I'm hoping someone would explain what's going wrong and if there's a right way to do it for multidimensional (>=3) arrays.

Torsten on 2 Sep 2022
Edited: Torsten on 2 Sep 2022
A = rand(10,10,11);
B = A(:);
index = find(A==min(B))
index = 990
B(index)
ans = 2.4262e-04
[i j k] = ind2sub([10 10 11],index)
i = 10
j = 9
k = 10
A(i,j,k)
ans = 2.4262e-04
Torsten on 3 Sep 2022
@Bruno Luong Thank you.

Steven Lord on 3 Sep 2022
Use the 'all' dimension argument and the 'linear' index argument to obtain the linear index of the maximum of the array considering the data in all dimensions.
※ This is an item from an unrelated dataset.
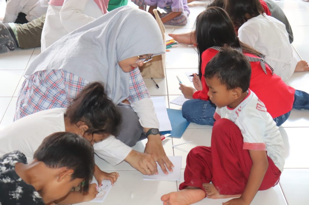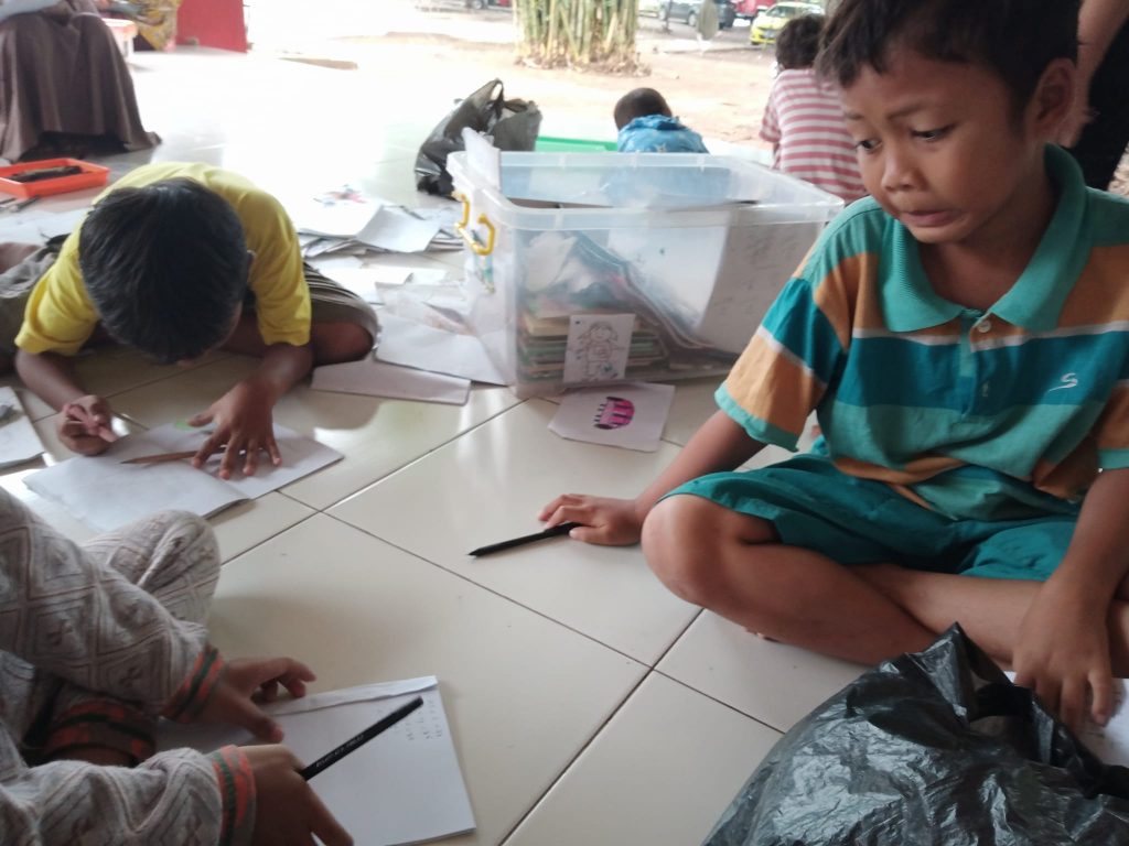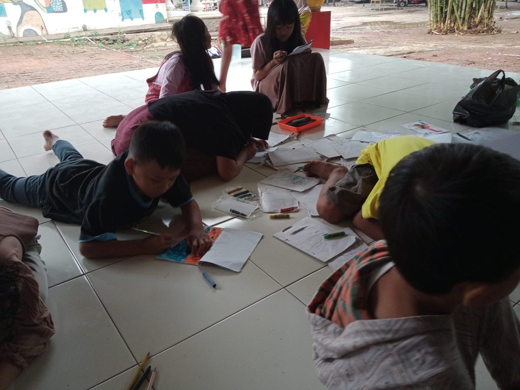 Namun, sampai di pendopo Kaibon Rumah Dunia ternyata anak-anak masih menunggu aku. Jadilah begitu aku datang membawa snack, mereka baru mulai bergiat. Haduh, ini mah bakal menghabiskan waktu satu jam, pikirku. Yaudahlaya, kasihan anak-anak yang sudah menunggu.

A = reshape(randperm(24), [3 2 4])
A =
A(:,:,1) = 5 13 9 3 23 6 A(:,:,2) = 22 15 8 24 19 16 A(:,:,3) = 11 21 1 14 2 10 A(:,:,4) = 18 12 20 7 4 17
[value, ind] = min(A, [], 'all', 'linear')
value = 1
ind = 14
A(ind)
ans = 1
If you need the subscripts instead of the linear index, use ind2sub.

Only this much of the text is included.